Groq, a startup developing artificial intelligence chips for data centers, autonomous cars, and other areas, announced the closing of a $300 million funding round, bringing its total haul to more than $365 million since it was founded in 2016.
The funds will boost the company's efforts to hire talent and speed up technology development. The firm plans to double the number of employees to 250 by the end of the year after it doubled its headcount to 122 people in 2020. It is also working on the second generation of its AI silicon for data centers, cars and other markets that it plans to use the funding to get it into production.
The funding transforms it into one of the most deep-pocketed challengers to Nvidia, which has long dominated the AI market with its graphics processing units (GPUs) for data centers.
The startup was founded in 2016 by ex-Googlers. CEO Jonathan Ross previously co-founded the team that invented Google's tensor processing unit, or TPU, specifically designed to run machine learning software in its giant data centers, which it rents to others over the cloud. His co-founder, Douglas Wightman, also worked at Google's "X" research branch, but he no longer works at Groq.
“AI is limited by existing systems, many of which are being followed or incrementally improved upon by new entrants," Ross, who also worked at Google's R&D department, said in a statement. "No matter how much money you throw at the problem, legacy architectures like GPUs and CPUs struggle to keep up with growing demands in artificial intelligence and machine learning."
But instead of out-engineering the TPU or AI chips from its rivals, it started with the software and then it created a simple programmable chip designed from a clean sheet for artificial intelligence. According to Ross, the startup said it worked on the software stack and the compiler that it uses to schedule instructions in its chip for half a year before it started designing the silicon.
Instead of creating a small programmable core and replicating it hundreds or thousands of times, the TSP houses a single core that resembles a VLIW processor that has hundreds of functional units and huge amounts of memory to carry out AI chores. The startup said that it can process 1,000 trillion operations per second, giving it more performance than Nvidia chips with 10 times less latency.
One of the unique improvements is that it pushed most of the control and planning functions for the chip—for instance, managing memory and plotting data movement—to software. That saves valuable silicon real estate, giving it more performance in a more compact area. The company's compiler loads instructions to the correct place at the correct time in the chip, reducing the latency.
This is part of what the startup calls its "software-first mindset." The compiler choreographs the movement of instructions through the chip, resulting in fast and predictable (also known as "deterministic") performance. The software knows exactly how the chip works and how long it will take to carry out each AI computation, which is valuable in areas where safety and accuracy are paramount.
Groq said the new architecture is specifically designed to handle AI inference chores but it can also run the types of computations used to train AI on large amounts of data. It is working with several early customers in the financial industry and national labs that run real-time workloads that require the reduced latency and massive SRAM of the single-core TSP, the company said.

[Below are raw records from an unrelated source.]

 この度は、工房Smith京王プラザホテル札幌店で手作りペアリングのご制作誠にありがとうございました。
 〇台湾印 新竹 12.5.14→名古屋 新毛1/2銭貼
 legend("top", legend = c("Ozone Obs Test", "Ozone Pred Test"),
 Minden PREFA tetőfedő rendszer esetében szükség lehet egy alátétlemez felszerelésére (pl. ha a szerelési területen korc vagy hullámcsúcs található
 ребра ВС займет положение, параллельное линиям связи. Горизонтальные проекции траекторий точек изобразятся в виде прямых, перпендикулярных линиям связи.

Groq has started shipping its first TSP in server accelerator cards and pre-integrated systems and the startup plans to use the funding in part to scale up production to serve its early customers.

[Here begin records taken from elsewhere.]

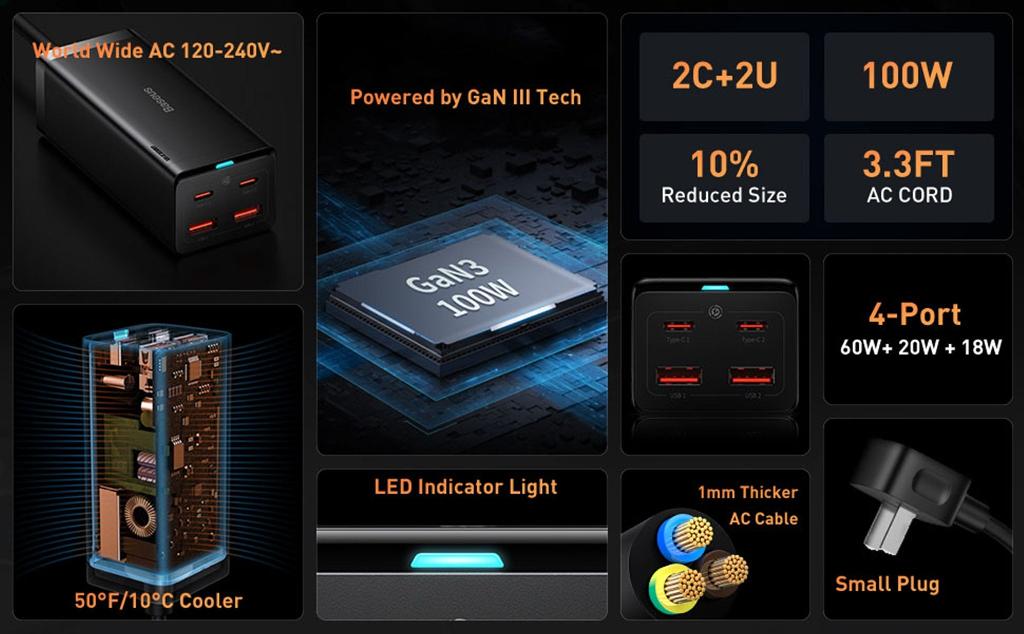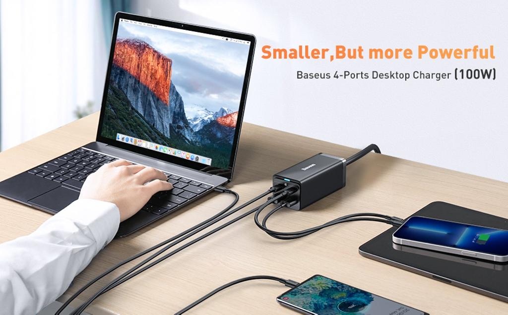 Încărcătorul BASEUS GaN3 Pro 100W este soluția ideală! Dotat cu 4 porturi (2xUSB-A + 2xUSB-C), acesta este compatibil cu cele mai noi tehnologii de încărcare rapidă – PD3.0, QC4.0, PPS, SCP – oferind performanță maximă pentru laptopuri, telefoane, tablete sau alte gadgeturi moderne.
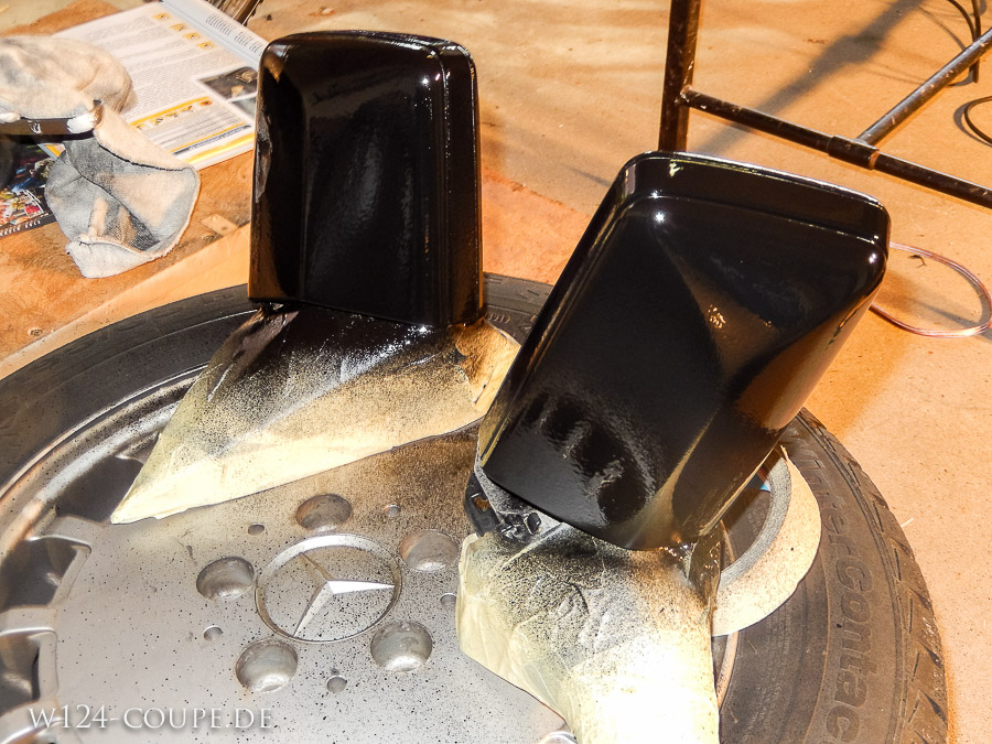 Auch die Außenspiegel bekommen einen Überzug mit Sprühfolie
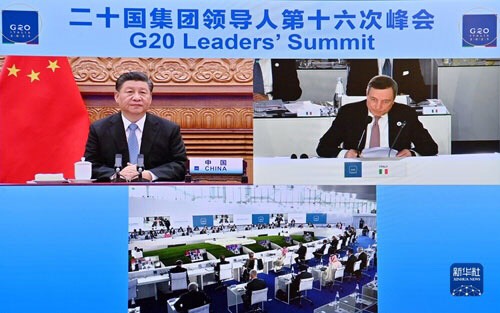 ประธานาธิบดีสี จิ้นผิง (国家主席习近平) ได้เข้าร่วมการประชุมสุดยอดผู้นำกลุ่ม G20 ครั้งที่ ๑๖ (二十国集团领导人第十六次峰会) ผ่านระบบทางไกล จากกรุงปักกิ่งต่อไป เมื่อช่วงค่ำของวันที่ ๓๑ ต.ค.๖๔ โดยเน้นมุมมองในประเด็นต่างๆ เช่น การเปลี่ยนแปลงสภาพภูมิอากาศ พลังงาน และการพัฒนาที่ยั่งยืน ซึ่งมีประเด็นที่น่าสนใจดังนี้
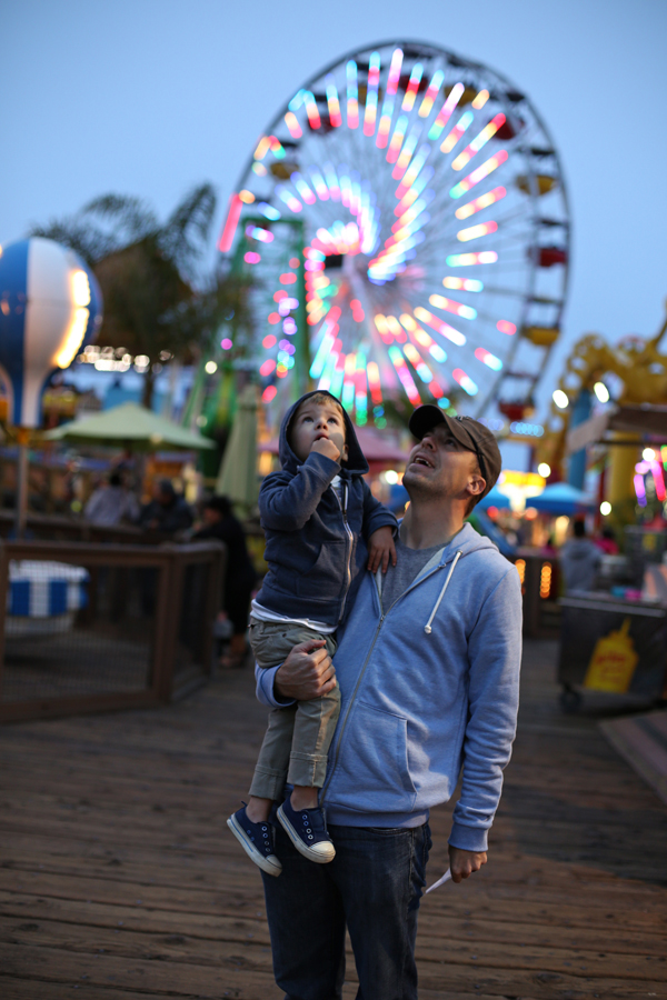 Later that night we hit up Santa Monica Pier for a ride on the iconic ferris wheel. Neither Husby nor I have ever ridden one, making it all the more special to share the experience together. Beck’s little button nose was freezing and Gage wasn’t quite sure being that high off of the ground was a safe thing.

For the first couple of years, the company was largely funded by Chamath Palihapitiya's Social Capital. But as it looks to expand its customer base and put its second-generation product into mass-production, the company is bulking up its cash reserves in part to help it hire engineering talent. "We want to hire a lot more people but we're keeping the talent bar very high," Ross said.
For years, tech giants have siphoned top engineers from the semiconductor industry, but he said that many of the same engineers now want to work with hardware, too. "Talent has been flowing out of the semiconductor industry into software for some time. The best people are at the Facebooks, Amazons, Googles," Ross said. "These are the companies we're hiring from."
Other startups have also amassed huge amounts of funding in a bid to dethrone Nvidia's GPUs, the current gold standard in AI training, and Intel's CPUs, which are widely used in inferencing.
Graphcore, which has partnered with Dell and Microsoft, has rolled out chips with more than one thousand of its intelligence processing unit (IPU) cores that work together to carry out AI chores. The startup is valued at $2.5 billion. SambaNova Systems landed $676 million in funding this month led by SoftBank, bringing its total raised to more than $1 billion and valuing it at around $5 billion.
But in spite of the vast amounts of venture funding, most of these startups have struggled to stand out from the crowd. Nvidia—which has continuously upgraded its general-purpose chips with "tensor cores" ideal for AI training and inferencing—and Intel—which has started selling server chips with integrated AI accelerators—have entrenched themselves deep in data center market.
But the increased capital and new hires will give Groq more flexibility and expertise, which is valuable as it works to roll out its second-generation chip and swipe market share from Nvidia.
The funding round was co-led by investment giant Tiger Global Management and D1 Capital, and it was supplemented by The Spruce House Partnership and Addition, the venture capital firm founded by Lee Fixel. TDK Ventures and other existing investors also invested more money in Groq.